══ RECORDS SHOWN ══
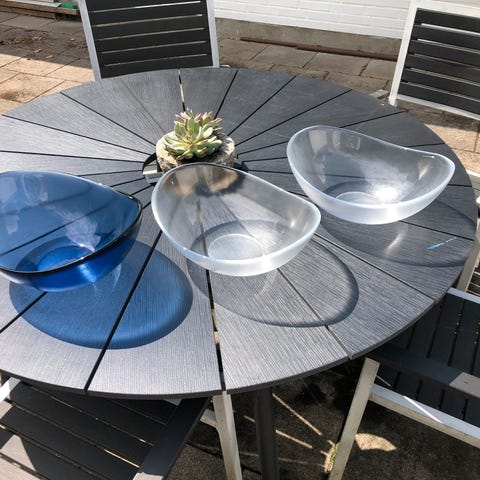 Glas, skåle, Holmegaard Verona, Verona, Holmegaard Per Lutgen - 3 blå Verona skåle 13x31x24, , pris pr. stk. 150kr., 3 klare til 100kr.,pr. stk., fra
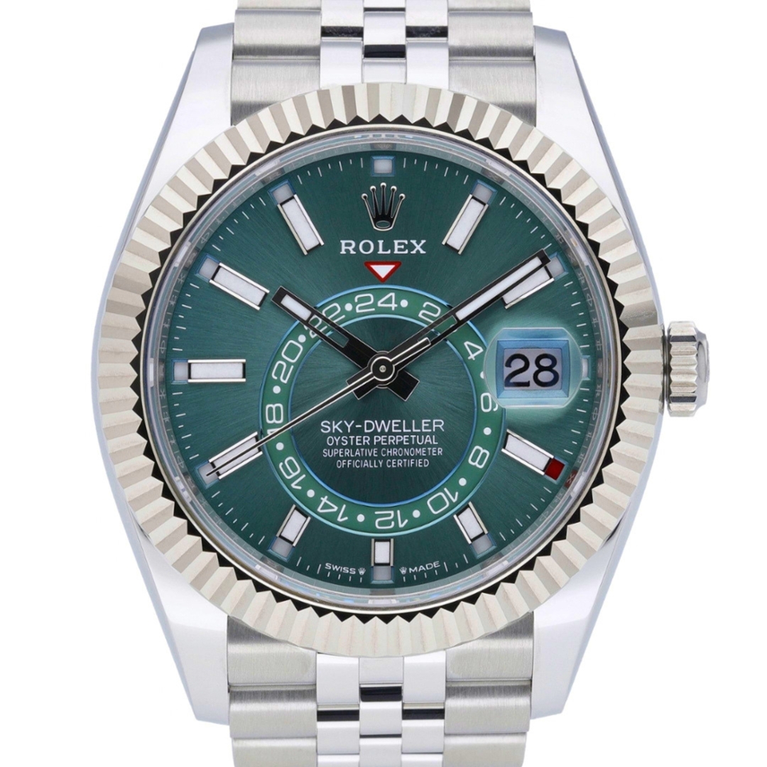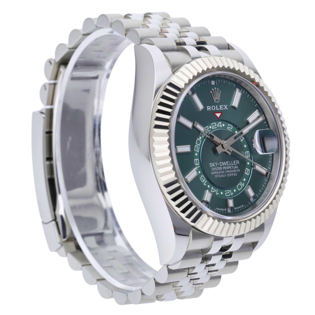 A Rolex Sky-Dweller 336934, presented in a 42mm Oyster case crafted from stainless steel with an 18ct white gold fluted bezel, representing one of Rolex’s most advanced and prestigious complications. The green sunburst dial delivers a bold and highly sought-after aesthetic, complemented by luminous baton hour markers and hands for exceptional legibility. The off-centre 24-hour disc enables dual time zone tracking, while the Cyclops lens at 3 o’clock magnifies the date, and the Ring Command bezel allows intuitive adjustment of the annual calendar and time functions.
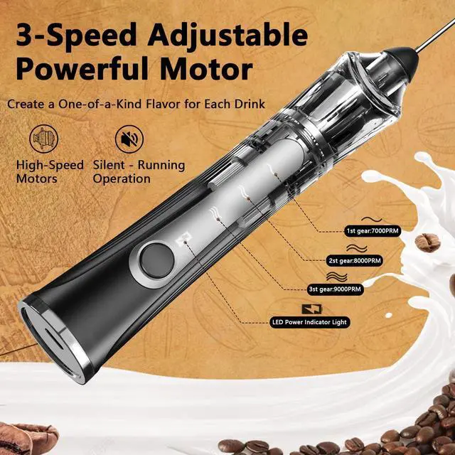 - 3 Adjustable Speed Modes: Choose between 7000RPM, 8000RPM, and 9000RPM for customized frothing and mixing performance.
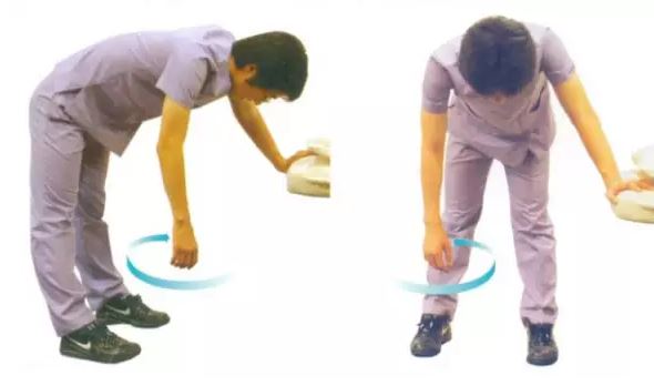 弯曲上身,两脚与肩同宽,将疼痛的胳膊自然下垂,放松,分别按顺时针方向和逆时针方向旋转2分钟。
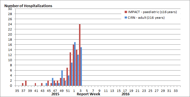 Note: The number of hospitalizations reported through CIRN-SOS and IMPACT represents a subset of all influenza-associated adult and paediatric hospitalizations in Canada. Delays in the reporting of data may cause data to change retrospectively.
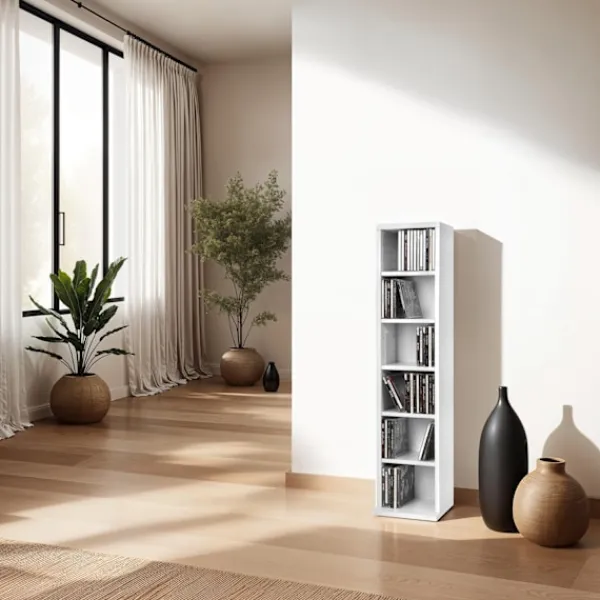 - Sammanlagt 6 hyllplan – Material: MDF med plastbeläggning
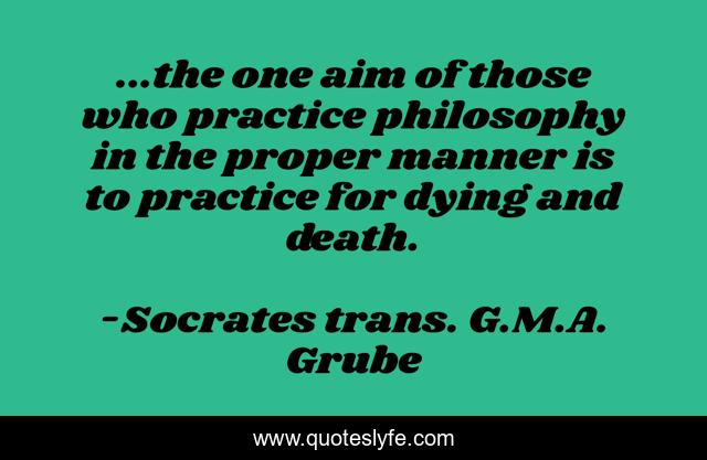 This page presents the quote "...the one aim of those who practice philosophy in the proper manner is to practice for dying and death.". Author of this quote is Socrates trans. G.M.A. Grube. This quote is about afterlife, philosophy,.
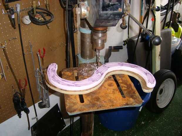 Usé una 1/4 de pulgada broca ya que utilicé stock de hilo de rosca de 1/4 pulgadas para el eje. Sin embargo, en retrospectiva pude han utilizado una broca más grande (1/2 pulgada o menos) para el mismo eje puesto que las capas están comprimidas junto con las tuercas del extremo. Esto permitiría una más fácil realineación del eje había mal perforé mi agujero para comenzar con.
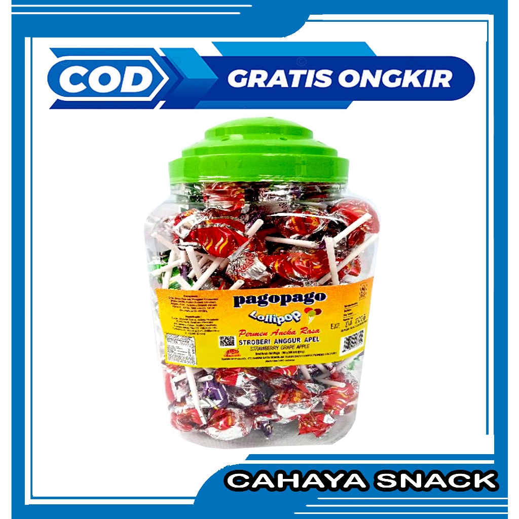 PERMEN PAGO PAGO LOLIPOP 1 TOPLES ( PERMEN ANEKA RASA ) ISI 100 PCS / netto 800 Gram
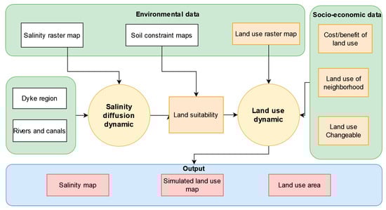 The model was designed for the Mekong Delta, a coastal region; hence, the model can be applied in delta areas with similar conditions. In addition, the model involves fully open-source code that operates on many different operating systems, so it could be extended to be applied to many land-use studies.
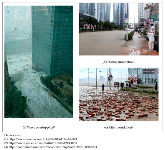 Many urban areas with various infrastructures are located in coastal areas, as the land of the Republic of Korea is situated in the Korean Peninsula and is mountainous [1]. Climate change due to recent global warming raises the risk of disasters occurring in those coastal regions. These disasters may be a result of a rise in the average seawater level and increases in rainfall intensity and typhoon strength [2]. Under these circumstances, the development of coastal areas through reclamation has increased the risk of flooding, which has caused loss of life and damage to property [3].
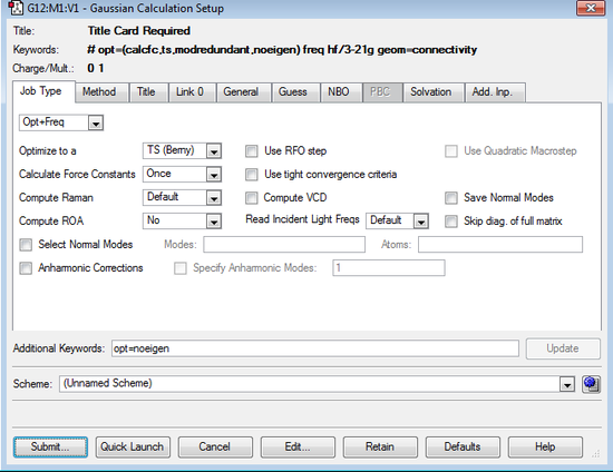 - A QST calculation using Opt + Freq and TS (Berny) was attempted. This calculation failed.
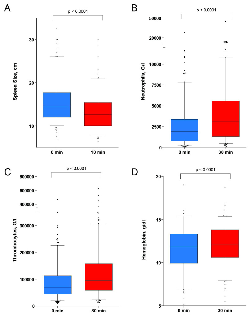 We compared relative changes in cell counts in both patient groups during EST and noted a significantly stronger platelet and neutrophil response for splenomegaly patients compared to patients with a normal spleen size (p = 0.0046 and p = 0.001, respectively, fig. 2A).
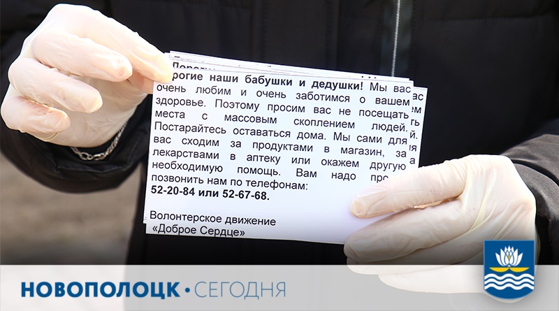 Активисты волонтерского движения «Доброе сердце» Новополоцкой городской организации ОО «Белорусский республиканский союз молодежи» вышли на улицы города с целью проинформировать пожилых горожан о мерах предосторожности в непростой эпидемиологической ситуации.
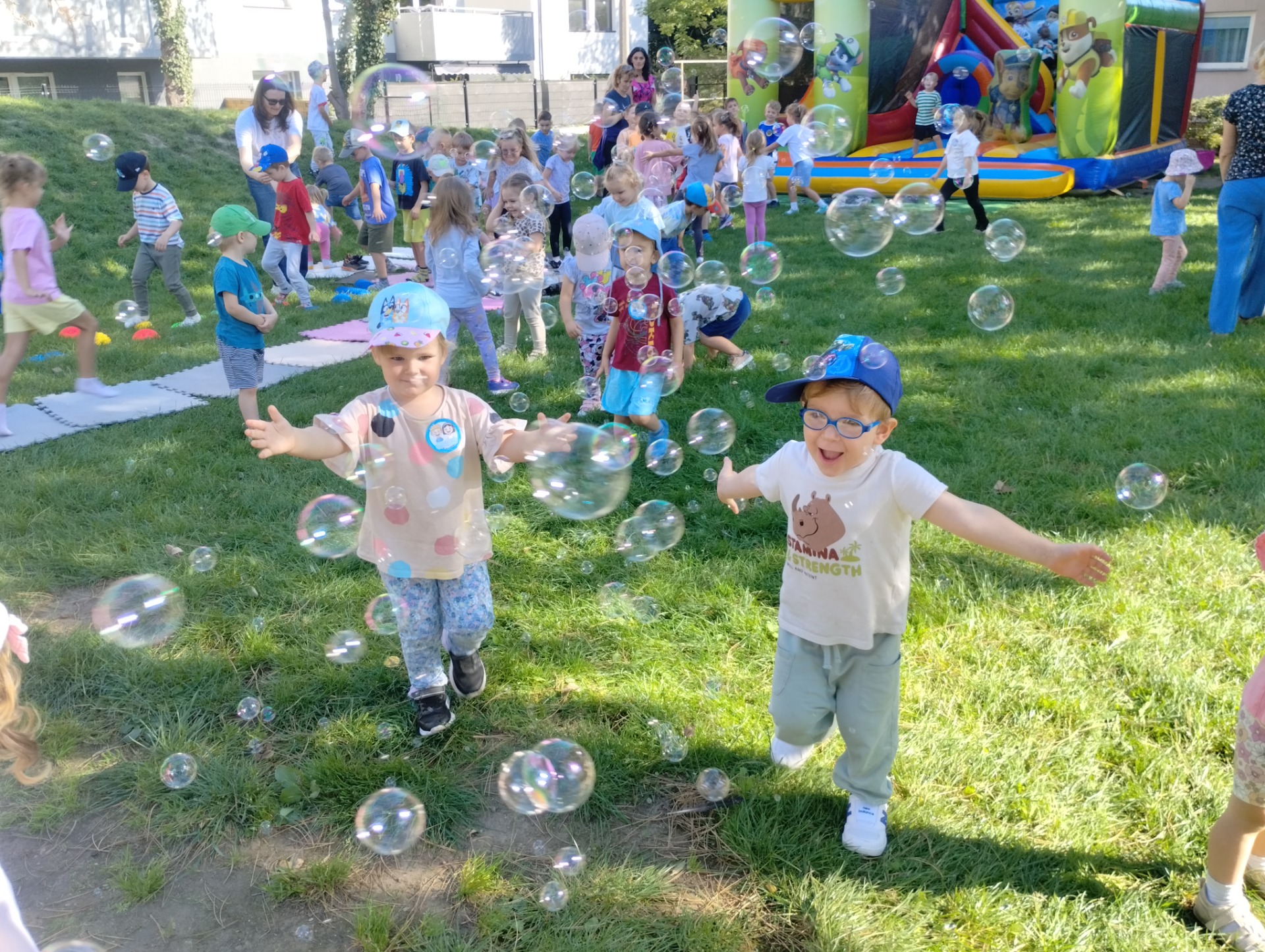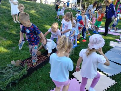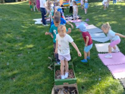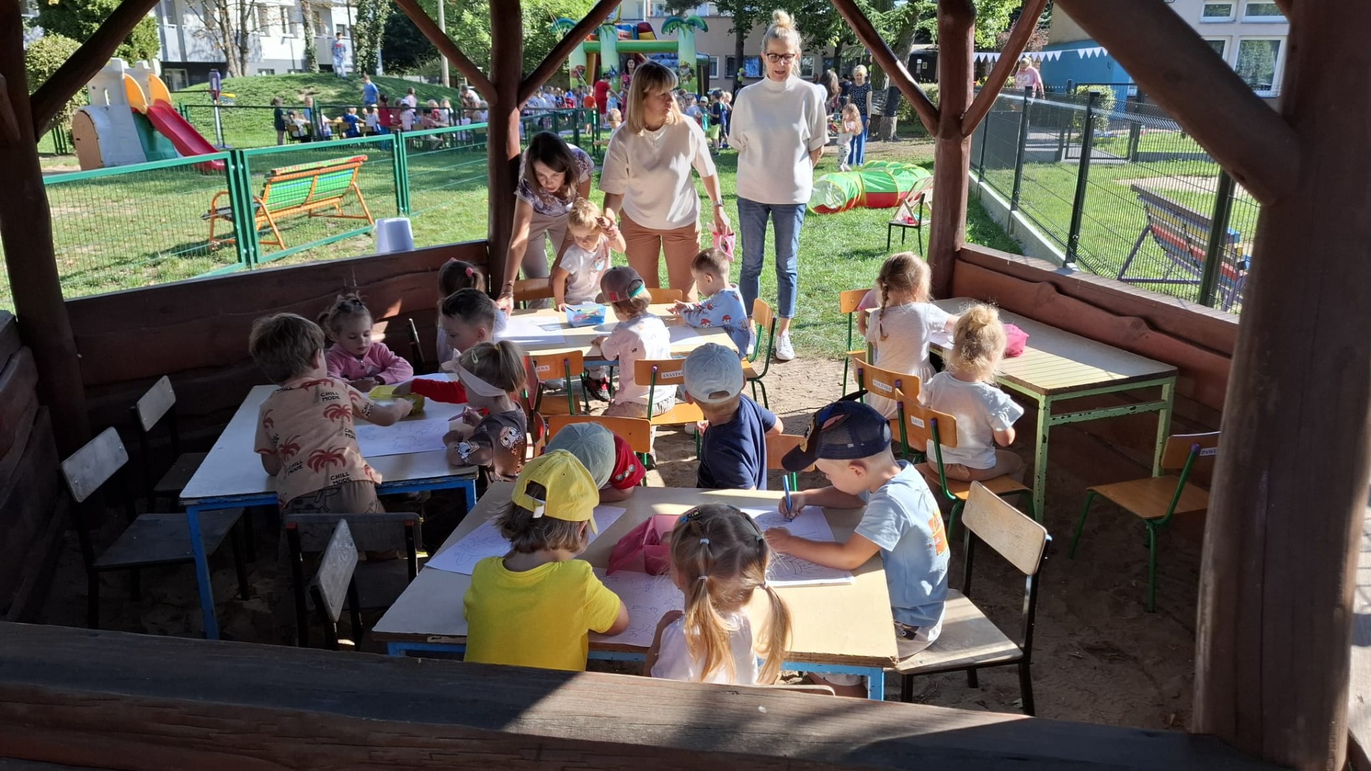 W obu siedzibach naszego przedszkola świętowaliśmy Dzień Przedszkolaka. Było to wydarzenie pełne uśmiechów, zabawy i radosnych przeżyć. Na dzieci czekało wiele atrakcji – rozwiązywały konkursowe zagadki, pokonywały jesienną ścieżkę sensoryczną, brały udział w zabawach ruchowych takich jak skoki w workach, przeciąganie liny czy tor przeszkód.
═══
#### DIRECTIONS
Write back the stretch of lines above that begins with the line holding "弯曲上身,两脚与肩同宽,将疼" and ends with the line holding "This page presents", both included, exactly as written. Pictures stay out.

#### YOUR SOLUTION
 弯曲上身,两脚与肩同宽,将疼痛的胳膊自然下垂,放松,分别按顺时针方向和逆时针方向旋转2分钟。
 Note: The number of hospitalizations reported through CIRN-SOS and IMPACT represents a subset of all influenza-associated adult and paediatric hospitalizations in Canada. Delays in the reporting of data may cause data to change retrospectively.
 - Sammanlagt 6 hyllplan – Material: MDF med plastbeläggning
 This page presents the quote "...the one aim of those who practice philosophy in the proper manner is to practice for dying and death.". Author of this quote is Socrates trans. G.M.A. Grube. This quote is about afterlife, philosophy,.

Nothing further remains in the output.